Data Set for Link collector links need to be the same size?

Post questions here relative to DataStage Server Edition for such areas as Server job design, DS Basic, Routines, Job Sequences, etc.

Moderators: chulett, rschirm, roy

Post Reply
jpr196
Participant
Posts: 65
Joined: Tue Sep 26, 2006 1:49 pm
Location: Virginia

Data Set for Link collector links need to be the same size?

Post by jpr196 »

Hey All,

Hopefully an easy question. We have 2 sequential files (same structure) loading to one table. We were using link collector stage but our job has failed a few times after running for a period of time. The files have different amounts of data (1st has 50 million rows and 2nd has 70 million). Would this cause a timeout error using the link collector stage, round-robin algorithm? Is the simplest solution to break it up into 2 jobs and process each separately? Thanks in advance!
chulett
Charter Member
Charter Member
Posts: 43085
Joined: Tue Nov 12, 2002 4:34 pm
Location: Denver, CO

Post by chulett »

What kind of failure, a timeout? Basically yes, they should be of a similar volume but I don't think that's a hard and fast requirement. :?
-craig

"You can never have too many knives" -- Logan Nine Fingers
ray.wurlod
Participant
Posts: 54607
Joined: Wed Oct 23, 2002 10:52 pm
Location: Sydney, Australia
Contact:

Post by ray.wurlod »

The Link Collector stage is notorious for this behaviour. It takes Round Robin to mean "wait", rather than "skip if not ready". It does not process the "end of data" token gracefully.

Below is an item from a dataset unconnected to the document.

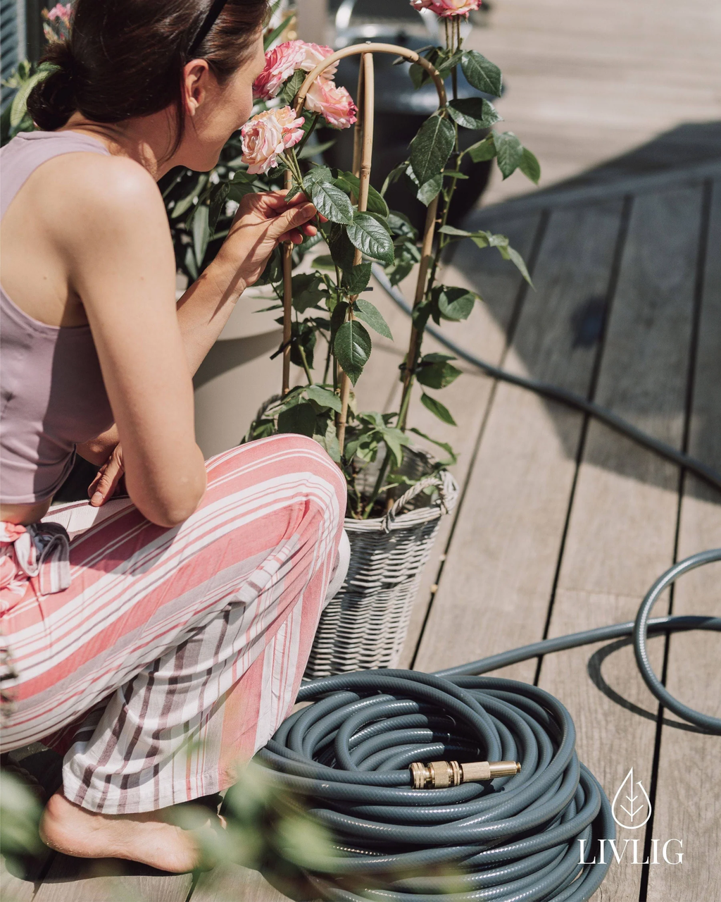 Is een tuinslang slechts een gewoon gebruiksartikel? Helemaal niet, zoals deze stijlvolle designtuinslang op indrukwekkende wijze laat zien. Dit unieke tuinaccessoire is een echte musthave voor iedereen wiens tuin een doordacht ontwerpconcept volgt en een weerspiegeling is van de eigen persoonlijkheid. Met zijn Scandinavische design in aangenaam zachte kleuren past hij harmonieus in stijlvolle tuinen en bewijst hij dat zelfs een tuinslang esthetisch kan zijn.

You could cat the files together in a Filter command then, within the job if you want to, use Link Partitioner and Link Collector stages in concert to cause parallel processing. But try it without these stages first - I think that the speed of the Sequential File stage will be more than adequate.
IBM Software Services Group
Any contribution to this forum is my own opinion and does not necessarily reflect any position that IBM may hold.
chulett
Charter Member
Charter Member
Posts: 43085
Joined: Tue Nov 12, 2002 4:34 pm
Location: Denver, CO

Post by chulett »

That probably explains why I don't use it. As noted, prefer concatenation, either before job or dynamically via the Filter.
-craig

"You can never have too many knives" -- Logan Nine Fingers
jpr196
Participant
Posts: 65
Joined: Tue Sep 26, 2006 1:49 pm
Location: Virginia

Post by jpr196 »

Thanks for the responses and suggestions. I need to filter data from each file before loading (and this is a one time load) so I think I'll process each file separately to work around the link collector.
Post Reply